The disparity between the prominence given to the online news model in Trinity’s Mirror’s business strategy and the revenues that are being gathered from them in reality have prompted the NUJ in Wales to join the debate. They gave evidence to the Broadcasting Sub-Committee on the future of the media in Wales in 2011, in which they expressed these worries:

At a time when high levels of profit were being made, investments should have been made in journalism and jobs. Instead, damaging cuts were made so profits would rise even higher. Convergence has only worsened the situation as journalists attempt to produce material for more outlets and platforms with less and less resources. New media provision – digital and online – is too often being produced on a shoestring, and is in reality dependant on the core radio/television/print services consistently under attack. (National Assembly for Wales, 2011)
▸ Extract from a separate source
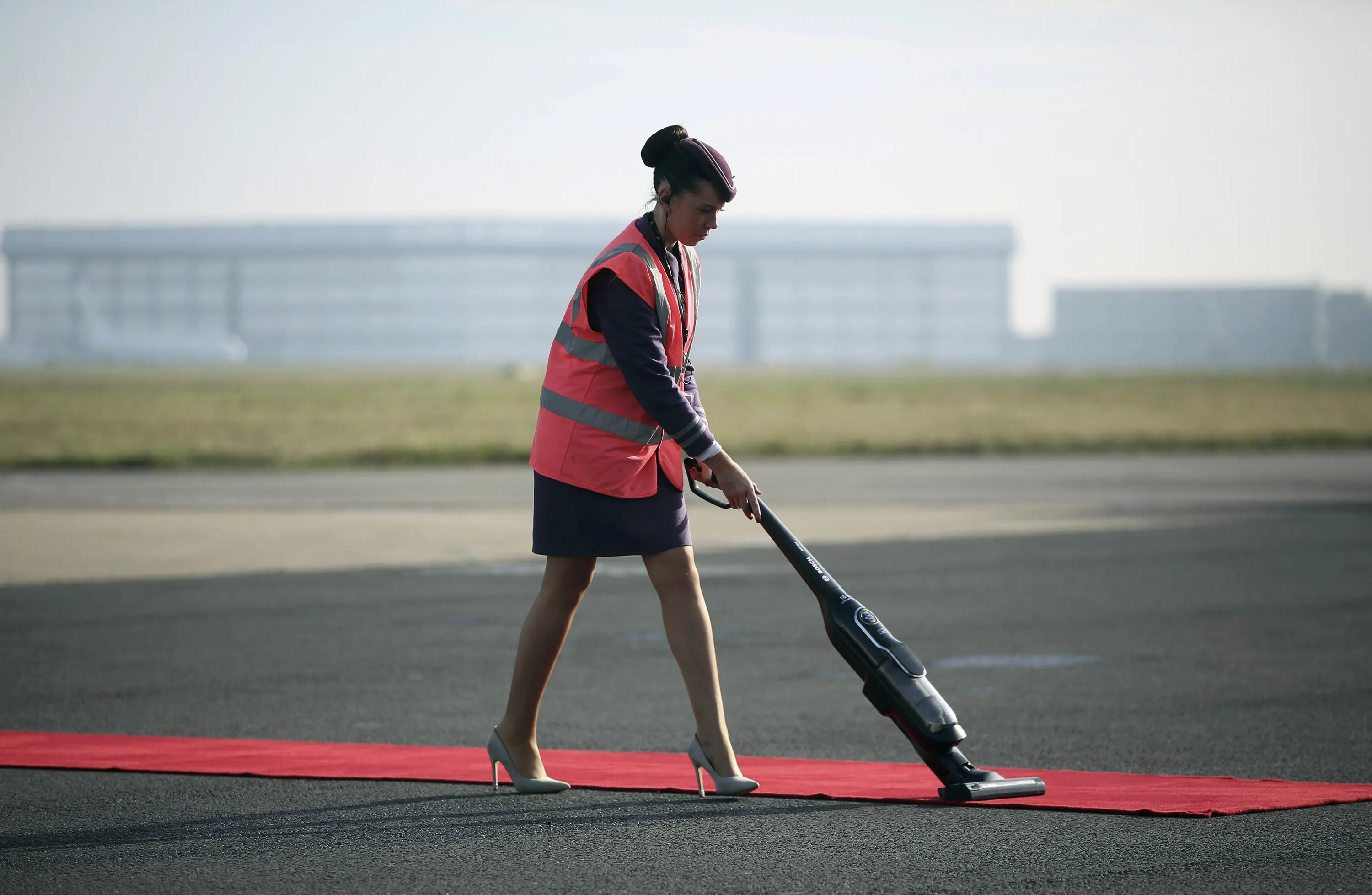 A worker vaccums the red carpet before the arrival of Colombia's President Juan Manuel Santos and his wife Maria Clemencia de Santos at Stansted airport in Stansted, Britain October 31, 2016. (Photo by Neil Hall/Reuters)

Studies of Trinity Mirror’s strategy in Wales have made unequivocal recommendations that the group should invest in journalism and newspapers in order to satisfy the basic demands of a healthy democracy. For example, Thomas’s study concluded: “Short-term profit maximisation at the expense of investment in journalism will only weaken the long-term future health of the Welsh press… The evidence clearly suggests that democracy in Wales will inevitably suffer with further cuts to the regional and local press” (J. Thomas, 2006a).

Ten years later, Thomas’s fears are closer to being realised. A recent memo sent by Trinity Mirror in relation to its titles in Birmingham and Coventry acknowledges the view that has been put forward by commentators for more than a decade. Managers responded to a question from staff about how they would manage to give adequate coverage to their patches in view of a recent announcement of 25 redundancies, saying: “The days are long gone when we

41 could afford to be a paper of record and dutifully report everything that happened on our patch”

(Greenslade, 2015). Greenslade called this “one Trinity Mirror sentence that spells the death knell of journalism” (ibid.), concluding that the introduction of targets at the same newspapers is equivalent to a “time-and-motion-study approach” to journalism which encourages “safety-first story-getting, meaning PR pap”, and this undermines the “public benefit” provided by newspapers (ibid.).

As the case of this newspaper reveals, cutbacks have impaired the ability of many newsrooms to carry out good public service journalism. However, in some places the profits-first approach I have detailed so far has also had another side effect: the closure of unprofitable, or less profitable, titles.